Wireless refers to the method of transferring information between computing devices, such as a personal data assistant (PDA), and a data source, such as an agency database server, without a physical connection. Not all wireless communications technologies are mobile. For example, lasers are used in wireless data transfer between buildings, but cannot be used in mobile communications at this time.
Mobile simply describes a computing device that is not restricted to a desktop. A mobile device may be a PDA, a "smart" cell phone or Web phone, a laptop computer, or any one of numerous other devices that allow the user to complete computing tasks without being tethered, or connected, to a network. Mobile computing does not necessarily require wireless communication. In fact, it may not require communication between devices at all.
.. Mobile devices
Here we have seven different types of mobile devices:
Laptop computers
PDA’s and handheld PCs
Pagers
Smart phones and cellular phones
Task devices, such as bar code scanners
Blue tooth
Bridge
.. Challenges in mobile computing
Wireless and mobile environments bring different challenges to users and service providers when compared to fixed, wired networks. Physical constraints become much more important, such as device weight, battery power, screen size, portability, quality of radio transmission, error rates. The major challenges in mobile computing are described including: low bandwidth, high error rate, power restrictions, security, limited capabilities, disconnection and problems due to client mobility.
.. Low Bandwidth
Wireless networks deliver lower bandwidth than wired networks.

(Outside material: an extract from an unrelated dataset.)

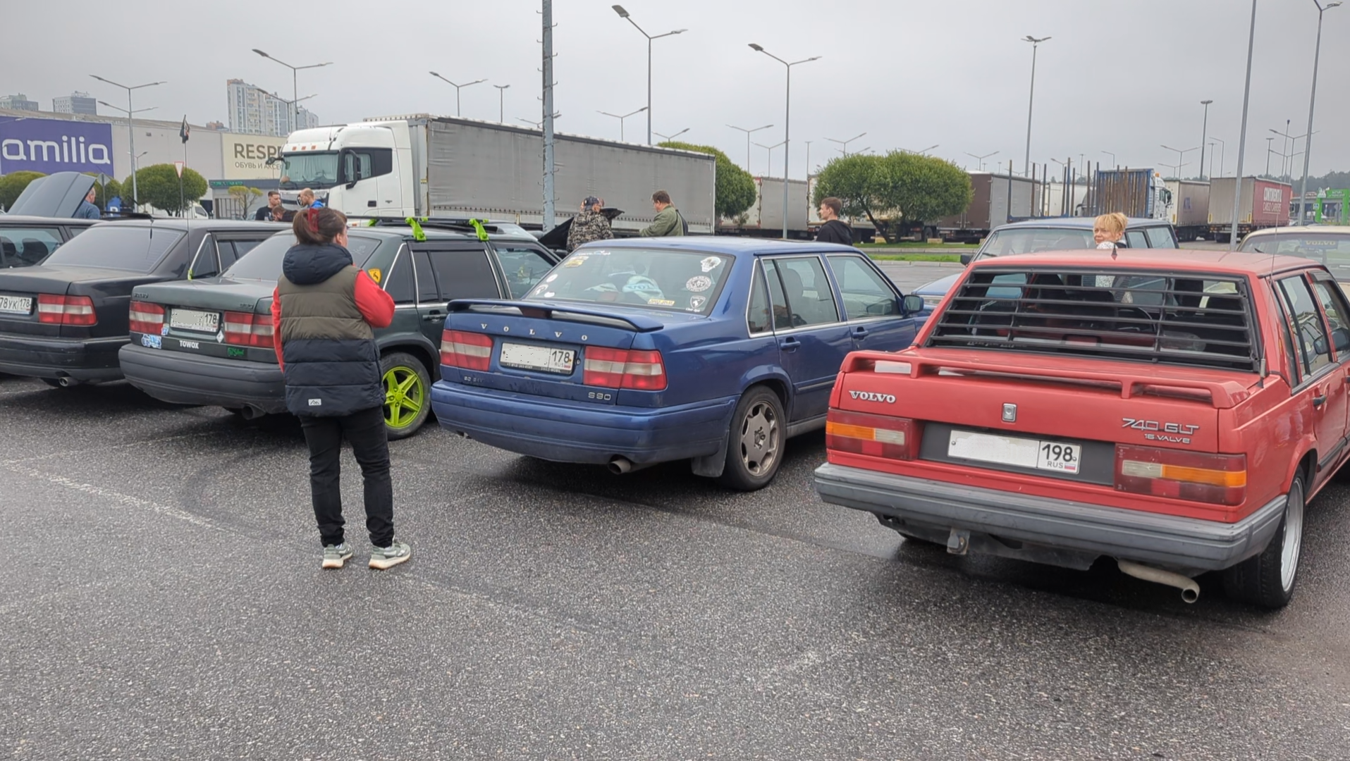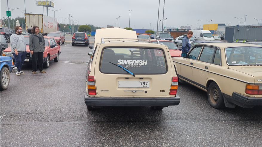 Автовладельцы собираются в 13:00 на парковке Мега Дыбенко, съезд организует Николай, любитель старых моделей Volvo, поэтому на мероприятии представлены в основном серии 240, 740, 940 и 960. Несмотря на заранее известное время, сперва на парковке было в районе 10 машин, но со временем подтягивалось всё больше и больше владельцев. Зрелищный момент был, когда 7 машин подъехали одновременно, один за другим разноцветные автомобили занимали парковочные места, вставая капот к капоту. Большинство моделей было в «боевом» состоянии, где-то разбиты фонари, где-то подгнил кузов, у кого-то бампера держатся на стяжках и так далее, но были и идеальные экземпляры, будто пару лет назад сошедшие с конвейера.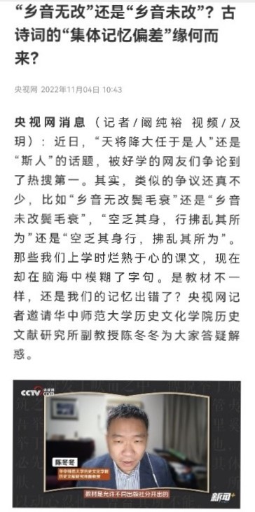 近日,历史文献所副教授陈冬冬接受央视网题为关于“‘乡音无改’还是‘乡音未改’?古诗词的‘集体记忆偏差’缘何而来”的访谈(https://news.cctv.com/2022/11/04/ARTIlxHsamUBB6jbTa8BXHqg221104.shtml)。11月4日,该访谈在在央视网播出。

As a result, mobile applications have to be carefully designed to control the bandwidth consumption. Software techniques required to improve effective bandwidth usage include data compression logging requests to combine multiple short ones, lazy write back, difference-based updates, caching, prefetching, usage of proxy, priority scheduling, etc.
.. High Error Rate
The network quality varies as the mobile computer moves across the heterogeneous network connections. The wireless environment exhibits higher error rates, which results in retransmission and affects the Quality of Service. By minimizing the usage of wireless transmission, the data is less exposed to transmission errors. In addition, error correction schemes can be employed to improve performance. However, these schemes also add to the communication overhead and reduce the usable bandwidth.
.. Power Limitations
Mobile computers are concerned with the limited power supply, an issue that does not appear in distributed wired environment. Hardware improvements on batteries can help to lengthen the life of a charge and reduce battery weight. In addition, efficient software operations can help to lower the power consumption. Examples include: shifting the processing to a fixed host, aggressively caching and prefetching data to reduce disk traffic, and transmitting less data while receiving more
.. Security
Security and privacy are of specific concerns in wireless communication because of the ease of connecting to the wireless link anonymously. Common problems are impersonation, denial of service and tapping. The main technique used is encryption. In personal profiles of users are used to restrict access to the mobile units.